By August 1979 the running order was largely complete. Wright completed his duties at Cherokee Studios aided by session musicians Peter Wood and Fred Mandel, and Jeff Porcaro played drums in Mason's stead on "Mother". [51] His duties complete, Mason left the final mix to Waters, Gilmour, Ezrin and Guthrie, and travelled to New York to record his début solo album, Nick Mason's Fictitious Sports . [53] In advance of its release, technical constraints led to some changes being made to the running order and content of The Wall, with "What Shall We Do Now?" being replaced by the similar but shorter "Empty Spaces", and "Hey You" being moved from its original place at the end of side three, to the beginning. With the November 1979 deadline approaching, the band left the now-incorrect inner sleeves of the album unchanged. [54]


Mason's early drum sessions were performed in an open space on the top floor of Britannia Row Studios. The 16-track recordings from these sessions were mixed down and copied onto a 24-track master, as guide tracks for the rest of the band to play to. This gave the engineers greater flexibility, [nb 2] but also improved the audio quality of the final mix as the original 16-track drum recordings were finally synced to the 24-track master, and the duplicated guide tracks removed. [56] Ezrin later related the band's alarm at this method of working – they apparently viewed the erasure of material from the 24-track master as "witchcraft". [37]

While at Super Bear studios Waters agreed to Ezrin's suggestion that several tracks, including "Nobody Home", "The Trial" and "Comfortably Numb", should have an orchestral accompaniment.
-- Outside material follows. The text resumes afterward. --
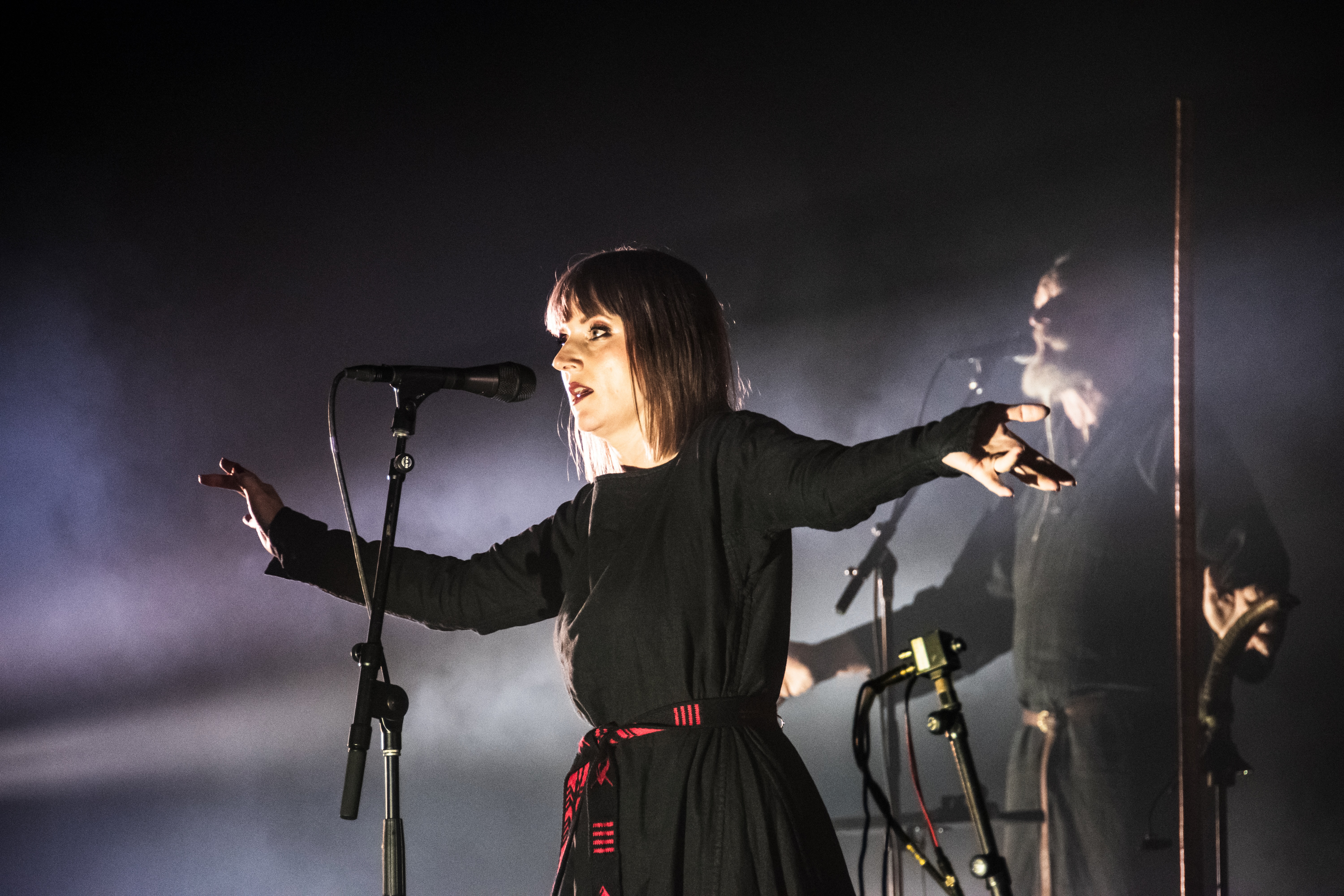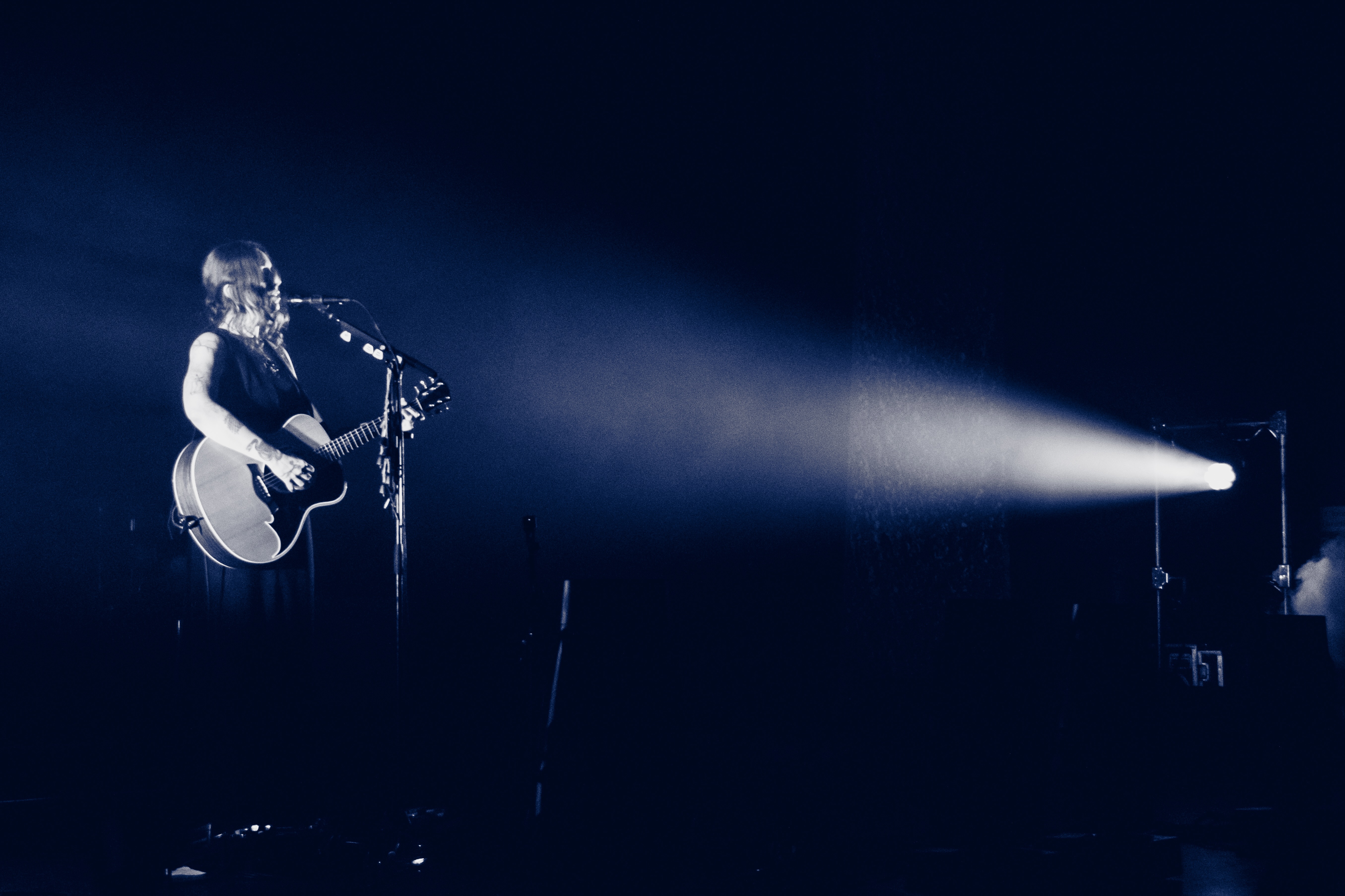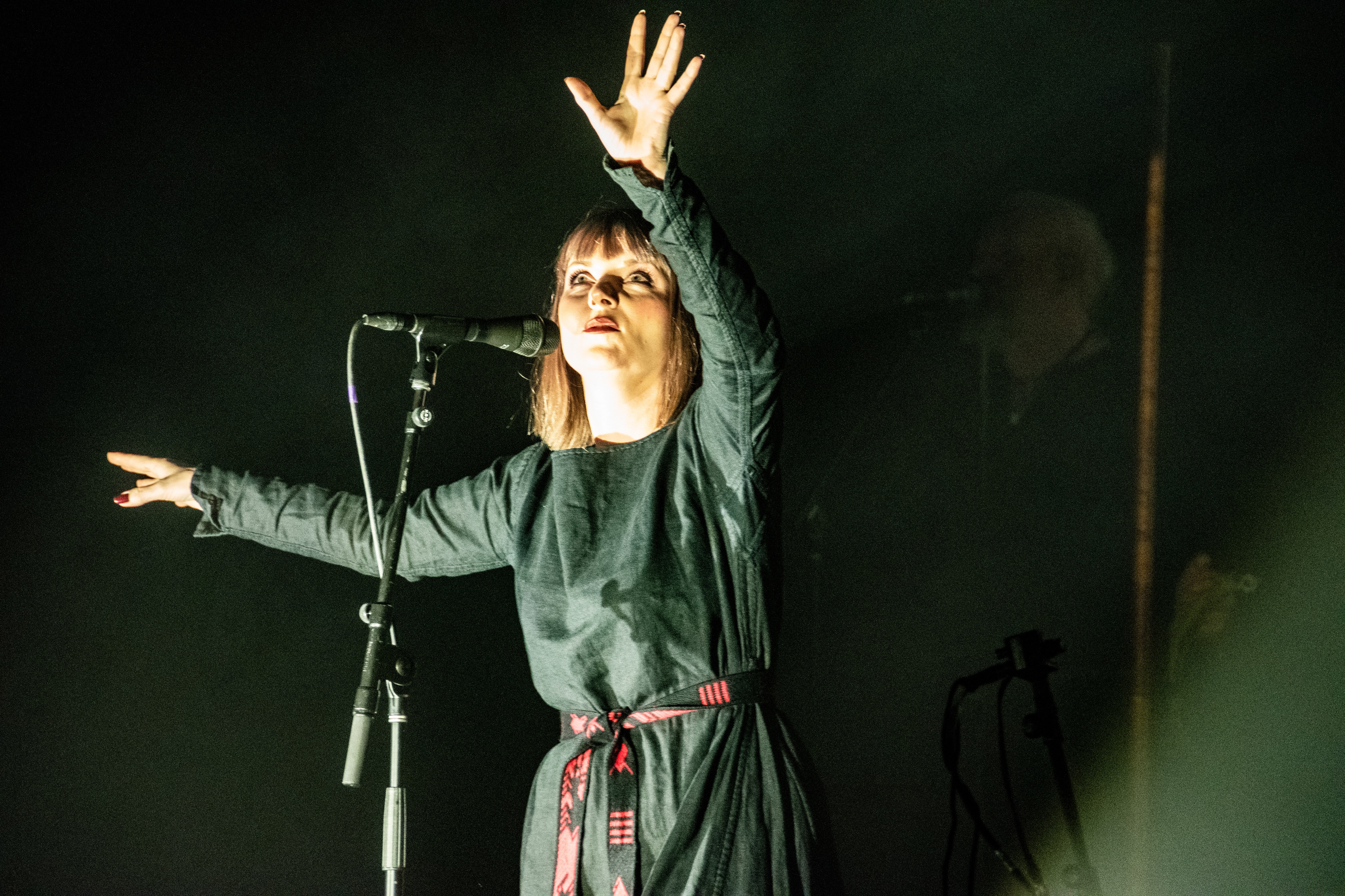It didn’t hurt that good ol’ Chelsea Wolfe was there to help us get into the swing of things. Wolfe, too, is an artist whose music defies genre — she flits from dark-folk to metal to drone, her sound always cleaving to a specific flavor, but never coming through in quite the same way. Here at the Keller, which is likely the most opulent space Wolfe has occupied in her 15ish years visiting Portland, the heavier, metallier flavors in her music took a backseat. It was just Wolfe, her guitar, and multi-instrumentalist Ben Chisholm, their relatively delicate sound filling up the space across a generous 45 minutes, heavily showcasing last year’s She Reaches Out to She Reaches Out to She and 2019’s Birth of Violence. It seems likely that many of the people in the audience would have totally resonated with Wolfe’s metal leanings, but it’s hard to complain when what we got was deeply arresting.
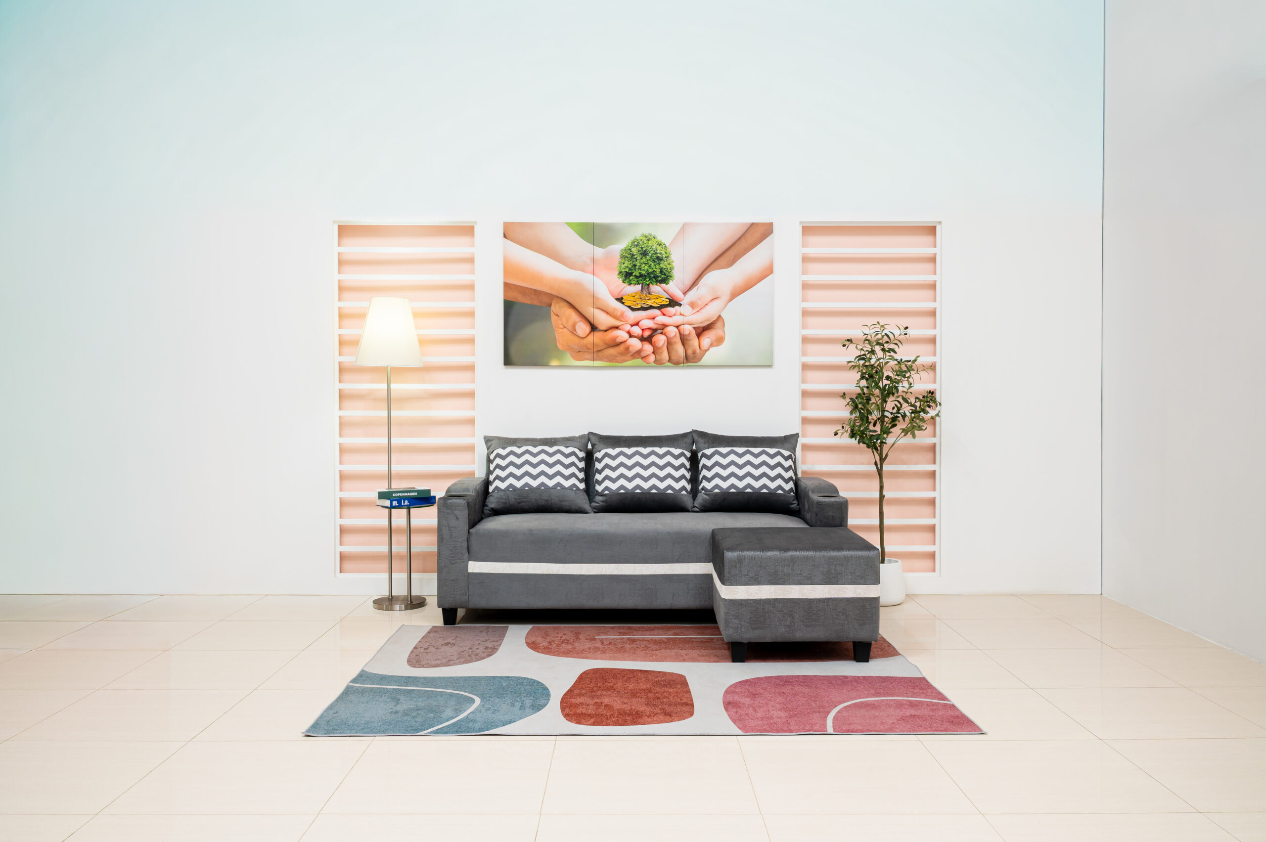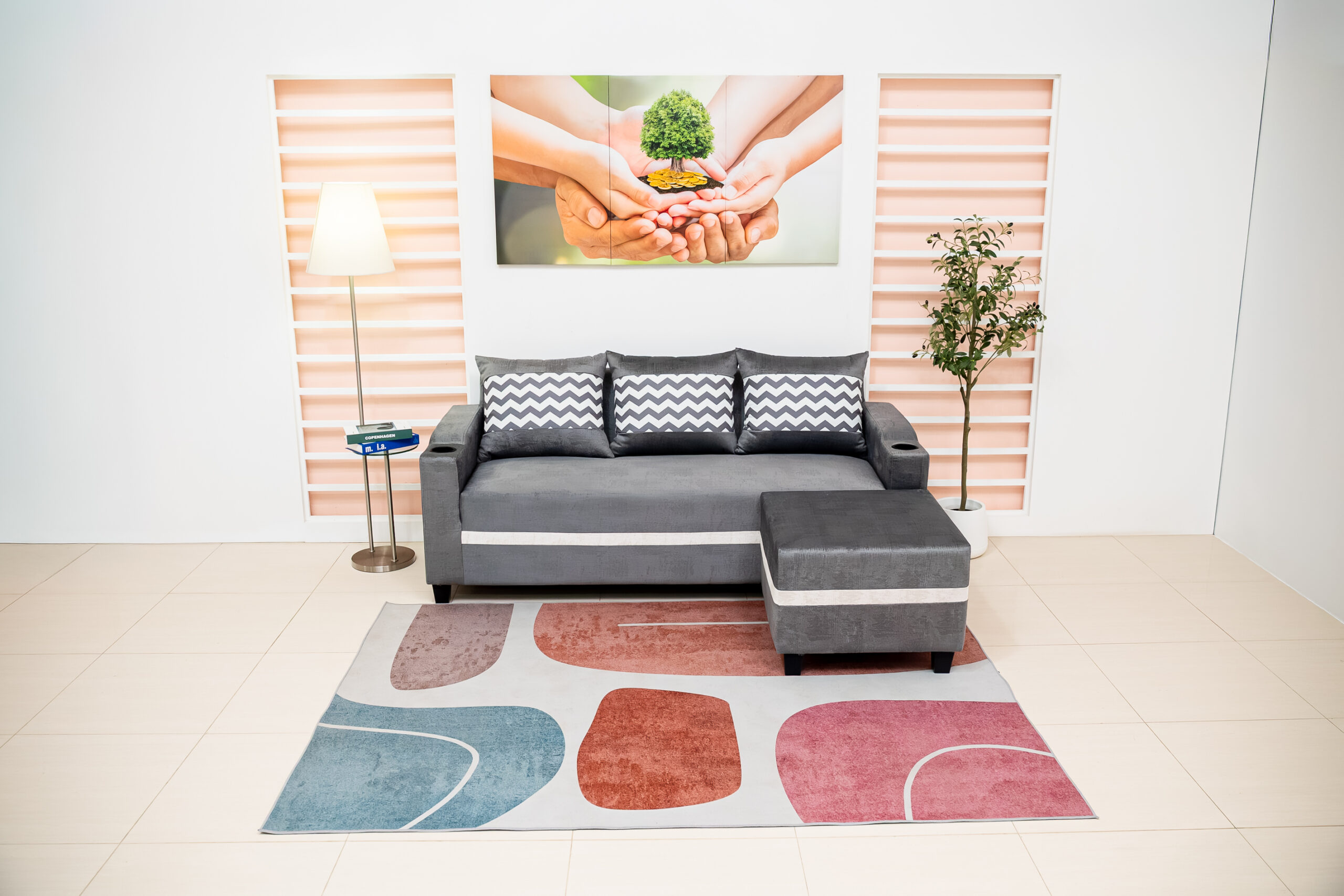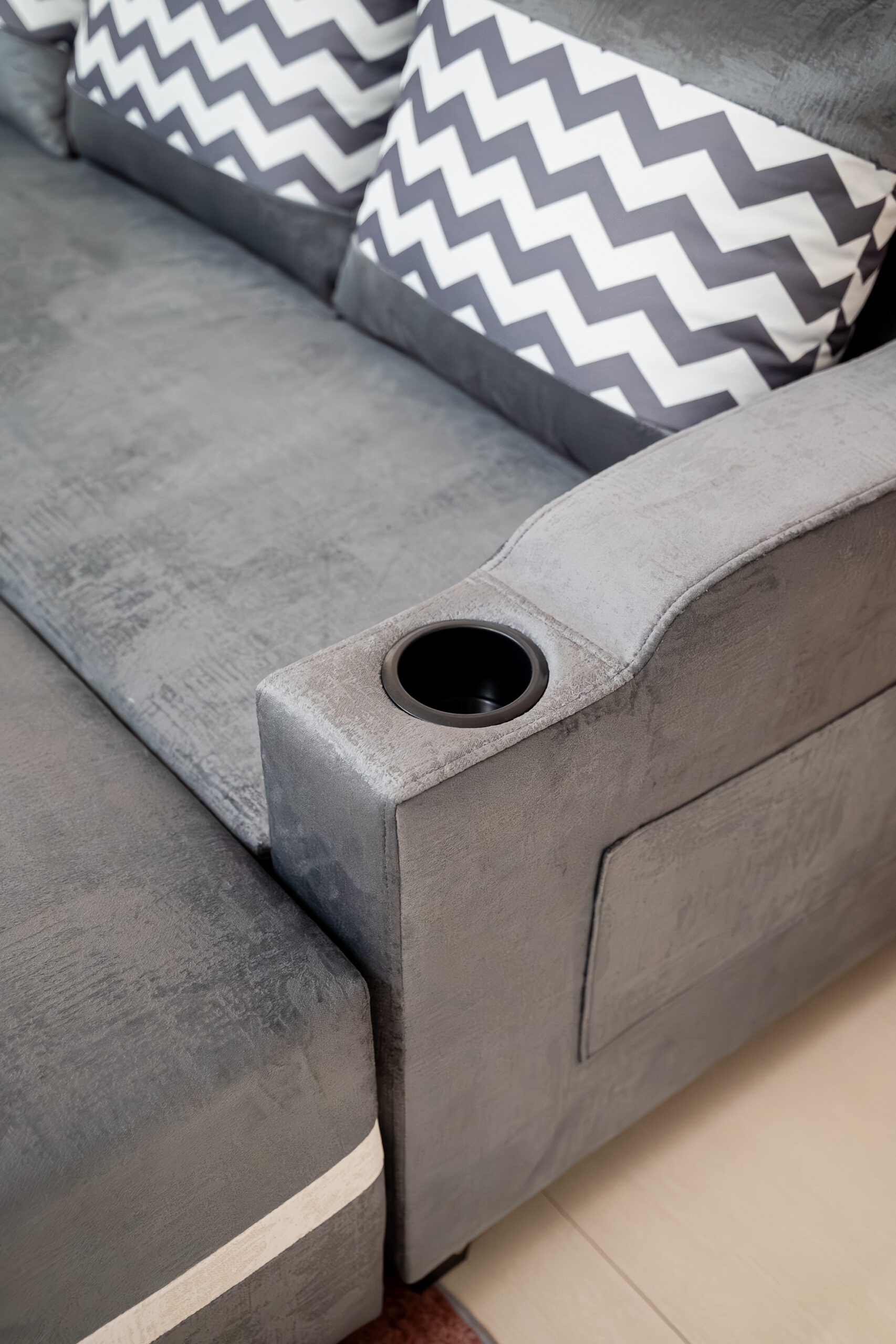 เปลี่ยนบรรยากาศห้องนั่งเล่นให้ดูโฉบเฉี่ยวและมีสไตล์ ด้วยโซฟาเบดเข้ามุม L-Shape สีเทาชาร์โคลที่หุ้มด้วยผ้าเทกเจอร์ลายหนัง (Leather Look) ให้ความรู้สึกเท่ ทนทาน และดูแลรักษาง่าย โดดเด่นด้วยการตกแต่งหมอนอิงลวดลายกราฟิก Chevron (ลายฟันปลา) ขาว-ดำ ที่ช่วยตัดความขรึมของสีพื้นให้ดูสนุกและทันสมัยขึ้น พร้อมเดินเส้นแถบสีครีมบริเวณฐานเพื่อเพิ่มจุดนำสายตา มาพร้อมฟังก์ชัน “Smart Living” ครบครัน ทั้งช่องวางแก้วน้ำสแตนเลส กระเป๋าเก็บของด้านข้าง และสตูลอิสระที่ปรับเปลี่ยนการจัดวางได้ตามพื้นที่ใช้สอย ตอบโจทย์ไลฟ์สไตล์คนรุ่นใหม่ที่ต้องการทั้งดีไซน์และฟังก์ชันในชิ้นเดียว

Michael Kamen, who had previously worked with David Bowie, was booked to oversee these arrangements, which were performed by musicians from the New York Philharmonic and New York Symphony Orchestras, and a choir from the New York City Opera. [57] Their sessions were recorded at CBS Studios in New York, although Pink Floyd were not present. Kamen eventually met the band once recording was complete. [58]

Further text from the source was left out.